Abstract

Wet markets, recently thrust into the limelight during the coronavirus pandemic, play a necessary role in daily life in Asia. Yet, the value of wet markets has not ever been sufficiently explored. While an increasing body of work has studied the implicit value of urban public amenities through the hedonic price model and traditional measurements of accessibility and density, the subjective perceptions of amenities have been neglected, specifically for consumption amenity. This is especially the case with wet markets: traditional approaches are unable to capture their comprehensive effects.
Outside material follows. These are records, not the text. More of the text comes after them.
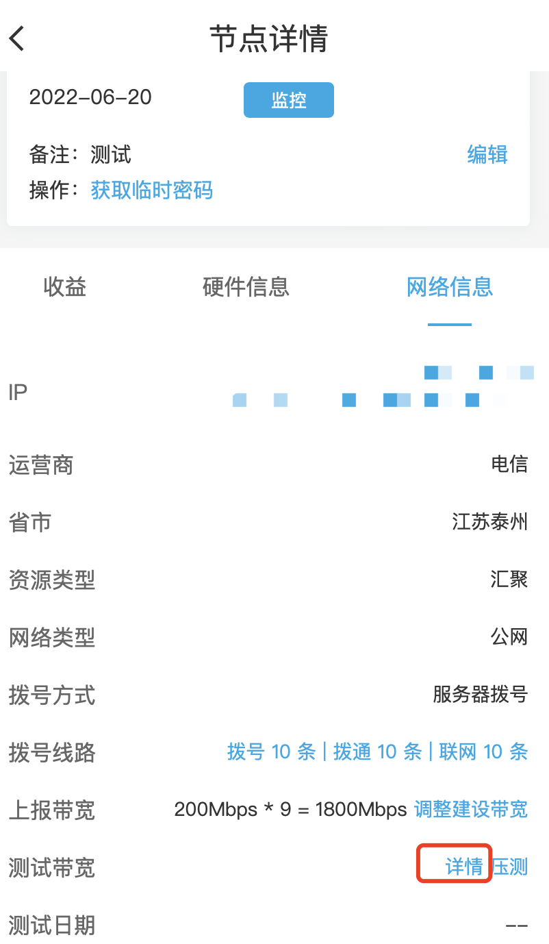 检测方法: 定期对线路进行压测, 可以在小程序节点详情查看具体压测数据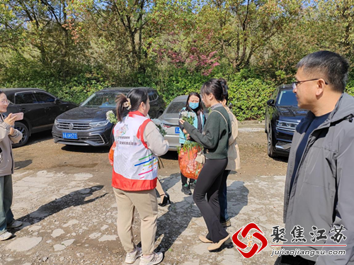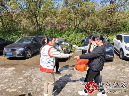 在墓园入口,社工志愿者们早早地便到达了现场。他们向村民们介绍了文明祭祀的意义,解释了移风易俗的重要性,并鼓励大家积极采用新的祭祀方式。同时,他们还向前来祭拜的村民发放了鲜花,以取代传统的纸钱,倡导绿色祭祀,传递节俭环保的理念。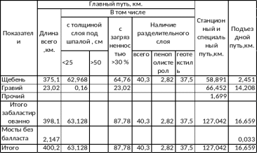 Таблица 1.6 Протяженность пути по видам балластного слоя .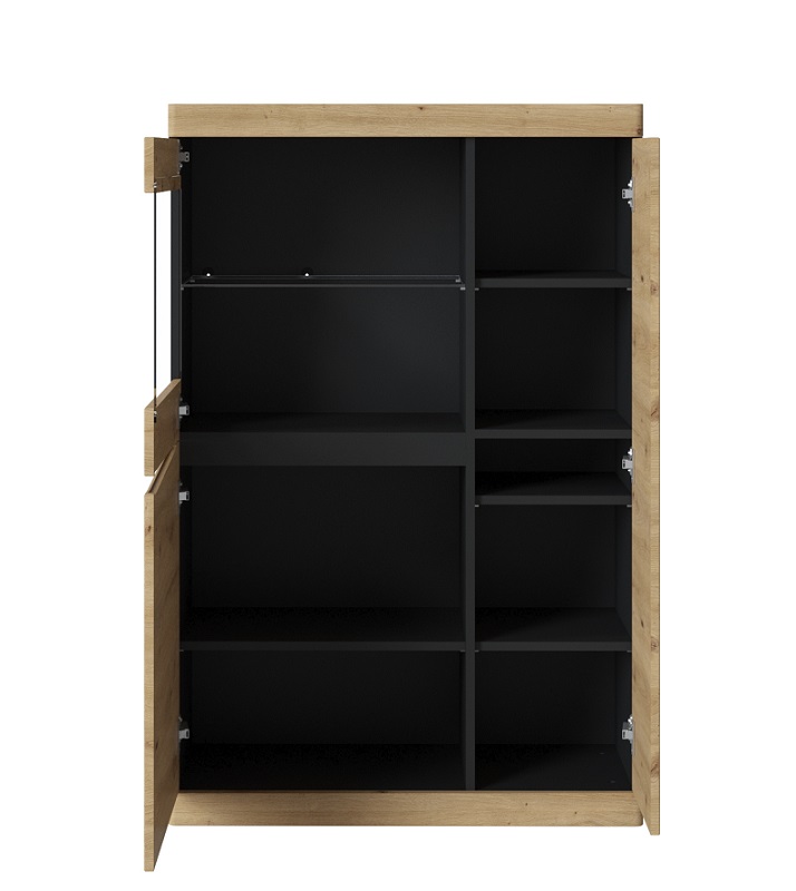 Witryna niska Turino TURV02 to połączenie funkcjonalności, estetyki i solidnego wykonania. Jej nowoczesny design i praktyczne rozwiązania sprawiają, że będzie idealnym uzupełnieniem Twojego wnętrza. Niezależnie od tego, czy potrzebujesz miejsca do przechowywania czy chcesz wyeksponować swoje kolekcje, ta witryna spełni Twoje oczekiwania.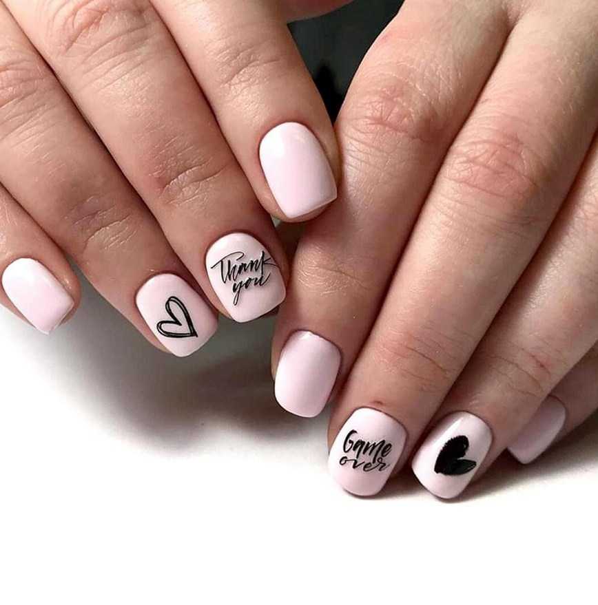 Сейчас модницы предпочитают делать молодёжный маникюр с надписями – романтичными и дерзкими. Ещё одно хорошее решение – минималистичные, консервативные фразы, которые не противоречат даже офисному дресс-коду
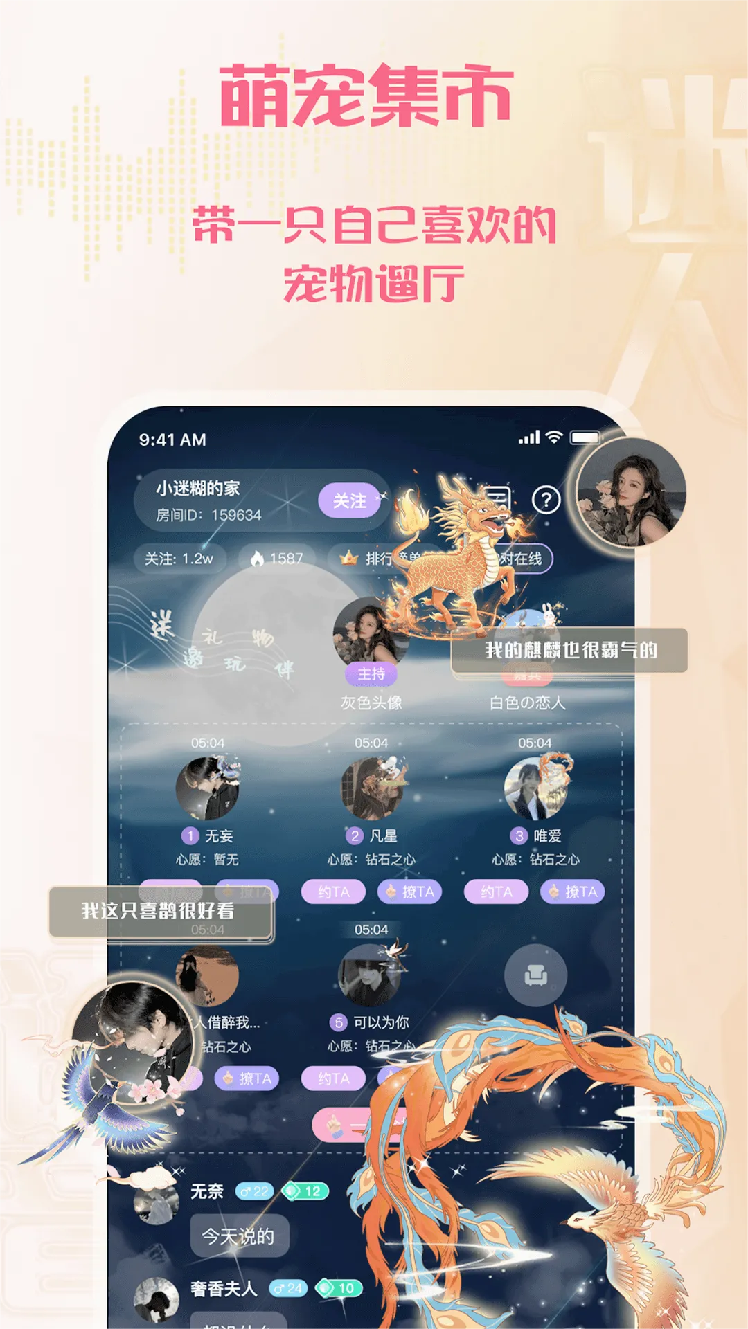 2、玩法多样独特:有蒙面秀场、宠物集市、伯虎点秋香等特色玩法。能在蒙面秀场展示才华,领养萌宠遛厅,体验有趣的互动。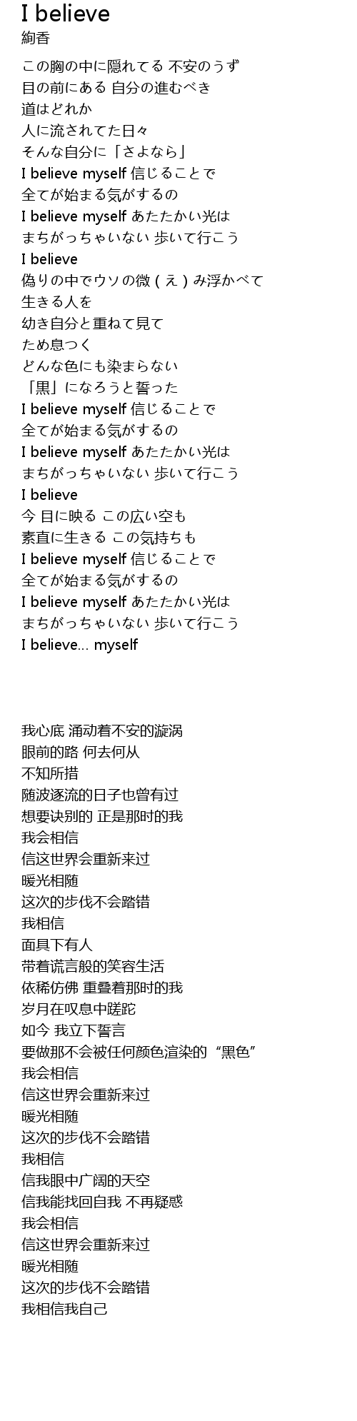 I believe myself 信じることで |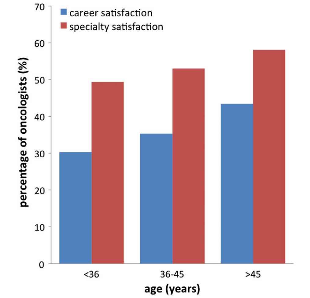 △不同年龄肿瘤科医生的职业满意度

By employing data on Beijing housing transactions in 2019 and online review scores of wet markets, we reduce this knowledge gap by exploring both the amenity and dis-amenity effects of wet markets and capturing the objective and subjective perspectives. Our results indicate a nonlinear relationship between wet market accessibility and urban housing prices. Considering the perceived quality of wet markets, this paper further indicates that housing prices near high-scoring wet markets appreciate while housing prices depreciate near low-scoring markets. Interestingly, the negative influence of low-scoring markets is statistically larger than the positive influence of high-scoring wet markets. Taking the housing price as a reflection of an owner's wealth and income level, we argue that high-income dwellers tend to pay more for perceived quality than for convenience. Our findings, therefore, offer new and refined insights for scholars and urban planning decision-makers.